The construction industry appears to be aware of its poor mental health record. Charities that understand the construction work environment first-hand—such as MATES In Construction and Incolink—aim to reduce the stigma attached to opening up and in turn lower industry suicide rates. But non-profits are entirely dependent on funding, and many workers are unable to access standard mental health services due to their long shifts.

According to Jessica Hickman, who worked as a "culture coordinator" on a construction site in the Northern Territory for three years, one potential solution is to have internal services offered to workers. “Support needs to come from senior management,” says Hickman. “There needs to be qualified, trained people who know how to deal with mental health and can address it on-site.”

Throughout her time in the industry, Hickman attempted to reduce the stigma around depression and anxiety by organising regular "mental health days" offsite, where workers would discuss mental health as a whole.
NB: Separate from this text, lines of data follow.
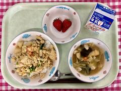 卵とじ丼にはたくさんの高野豆腐を使っています。高野豆腐は小さい物を使っているので、子供たちは抵抗感なく食べられていました。だし汁が染みてふわふわ食感です。果物のいちごは大人気で、おかわりのじゃんけんがいつにも増して盛り上がっているクラスが多くありました。
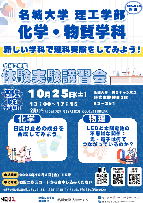 10月25日(土)に名城大学天白キャンパスで理工学部 化学・物質学科主催の体験実験講習会を開催します。
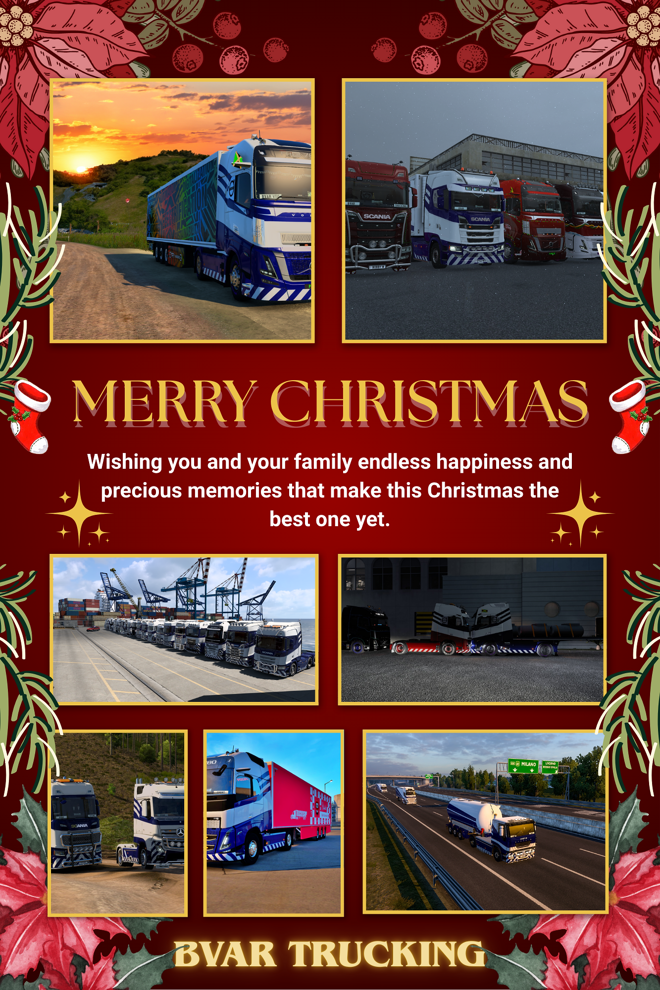 Merry Christmas from BVAR Trucking! We hope your day is as bright and cheerful as the twinkling lights that guide our way, as cozy and comforting as the warmth of a crackling fire after a long journey, and as sweet and delightful as the Christmas treats that fuel our adventures. May this Christmas bring you the joy of connecting with loved ones, the peace of a well-deserved rest, and the anticipation of exciting journeys yet to come. We hope you create wonderful memories that will be treasured long after the holidays are over. Happy Holidays, and here's to a New Year filled with safe travels and unforgettable experiences!

This despite heavy opposition from her superiors. During her stint, she says, there was not one suicide within the project her company oversaw—something parallel projects in NT at the time couldn't boast.

Overall, Hickman believes there's an “us versus them” mentality between construction workers and management. “Unless there’s a driving force behind [workers] and a connection between them, the workers won’t open up," she says. "There’s a lot of [fear] around reporting health issues to HR, in that they could be deemed a risk and lose their jobs.”

As for Mark, he believes it’s high time to ditch both the fear and the stigma. “It’s a pride [thing] that goes, ‘I can handle my problems and I don’t want anything to bring down my masculinity,’” he says. “But that’s just all in your head.”